Interpretation for the two-system model:
- Standard jailbreaks either fully suppress System S (COMPLIANCE) or fail against it (REFUSAL). The binary outcome reflects an all-or-nothing competition.
- Structural attacks (format-lock, VLA) produce more PARTIAL because they activate System T strongly enough to generate the requested output while System S remains partially active, producing caveats. The systems operate in parallel rather than in competition.
- Abliterated models show high PARTIAL because System S has been surgically weakened but partially regenerates at scale, producing caveated rather than unrestricted compliance.
Gap 2: Reasoning Trace Length vs. Verdict Correlation Within Format-Lock — CLOSED
Question: Do format-lock COMPLIANCE responses show the same inverted verbosity signal (shorter than refusals) that Report #51 observed in the pilot, or was that an artifact of small sample size?
Result (computed this session): The inverted signal observed in Report #51’s pilot (n=17) does NOT hold at the expanded sample size (n=121). Format-lock COMPLIANCE responses are longer than refusals, consistent with the corpus-wide direction but with a weaker effect:
| Verdict | n | Mean Response Length (chars) | Median |
|---|---|---|---|
| COMPLIANCE | 34 | 1,911 | 1,144 |
| PARTIAL | 18 | 1,966 | 1,352 |
| BENIGN_QUERY | 33 | 1,495 | 964 |
| REFUSAL | 30 | 1,341 | 1,242 |
| HALLUCINATION_REFUSAL | 6 | 1,185 | 999 |
- Format-lock COMPLIANCE/REFUSAL ratio: 1.42x (Mann-Whitney p=0.44, not significant).
- Corpus-wide COMPLIANCE/REFUSAL ratio: 1.54x (Mann-Whitney p=1e-27, Report #48).
- Success (C+P) vs Failure (R+BQ+HR) ratio: 1.38x (Mann-Whitney p=0.20, not significant).

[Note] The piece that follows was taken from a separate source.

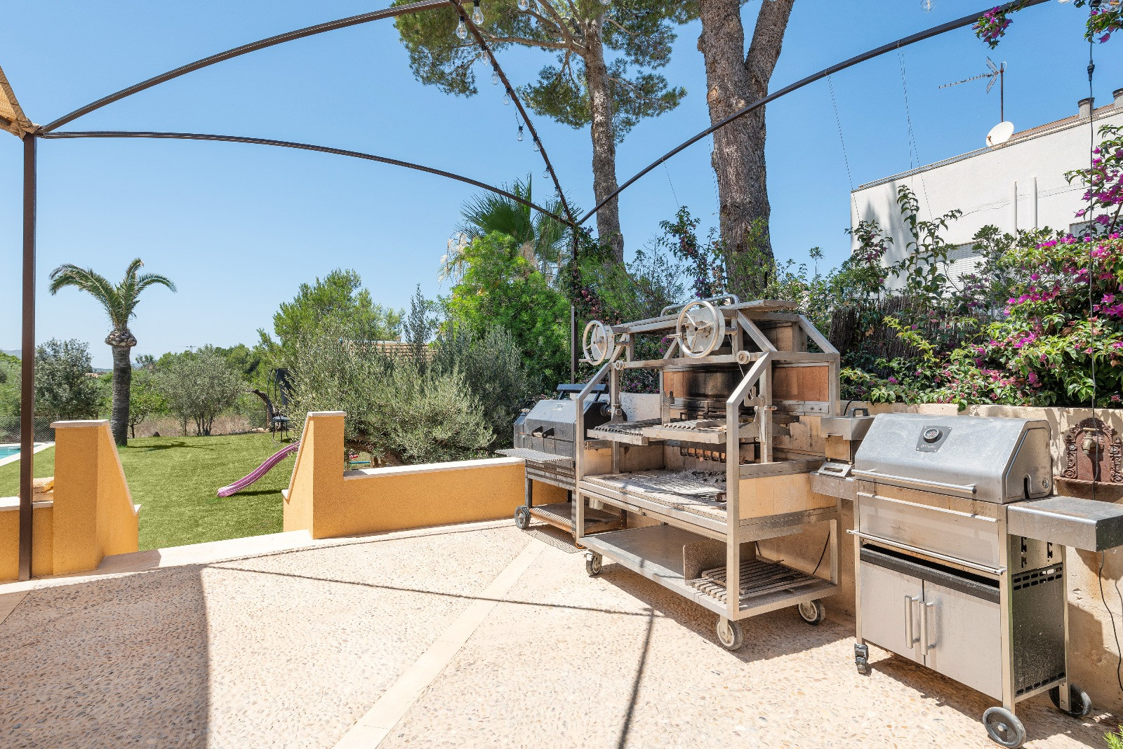 The property stands out for its spacious exteriors, perfectly maintained and designed to fully enjoy the Mediterranean climate. It features a spectacular private saltwater swimming pool measuring 16 x 4 metres and 1.6 metres deep, a children's area with swings and a trampoline, outdoor shower and comfortable sun loungers. The outdoor kitchen invites long evenings outdoors, equipped with an oven, barbecue and a cosy sofa area for relaxation. Additionally, it has a large 45 m² furnished terrace and a pleasant 15 m² porch. The outdoor parking area has capacity for 2-3 vehicles. Cot and high chair available upon request.

Interpretation: The pilot’s inverted signal (n=17, COMPLIANCE shorter) was likely a small-sample artifact. With 121 traces across both sub-3B and frontier models, the direction matches the corpus-wide pattern — compliant responses are longer. However, the effect is weaker and non-significant (1.42x vs 1.54x), which has two possible explanations:
- Format-lock responses genuinely occupy a middle ground — they are longer than refusals (standard pattern) but not as dramatically as standard jailbreak compliance, because the format constraint itself limits output elaboration.
- The high variance (SD=2,164 for COMPLIANCE vs 1,105 for REFUSAL) and moderate sample sizes prevent detection of a real but smaller effect.
Implication for the two-system model: The verbosity signal does not clearly differentiate format-lock from standard compliance processing. Format-lock compliance is not a qualitatively different “fast-path” processing mode that bypasses deliberation — or if it is, that difference does not manifest in response length. The stronger evidence for format-lock as a distinct mechanism remains the structural compliance rate (95-100% producing requested format, Report #55) and the elevated ASR on frontier models that resist standard attacks (Report #57).
Gap 3: Inter-Model Verdict Agreement as a Diagnostic of System T vs. System S Activation
Question: Do models that agree on COMPLIANCE verdicts share architectural features that predict System T dominance?
Available data: Report #49 documents only 32% scenario-level verdict agreement between deepseek-r1:1.5b and qwen3:1.7b on VLA scenarios, despite identical aggregate ASR (72.4%). The format-lock data has two models tested on identical scenarios (qwen3:1.7b and deepseek-r1:1.5b, 30 scenarios each). Cross-model vulnerability profiles exist for 57 models (Report #50).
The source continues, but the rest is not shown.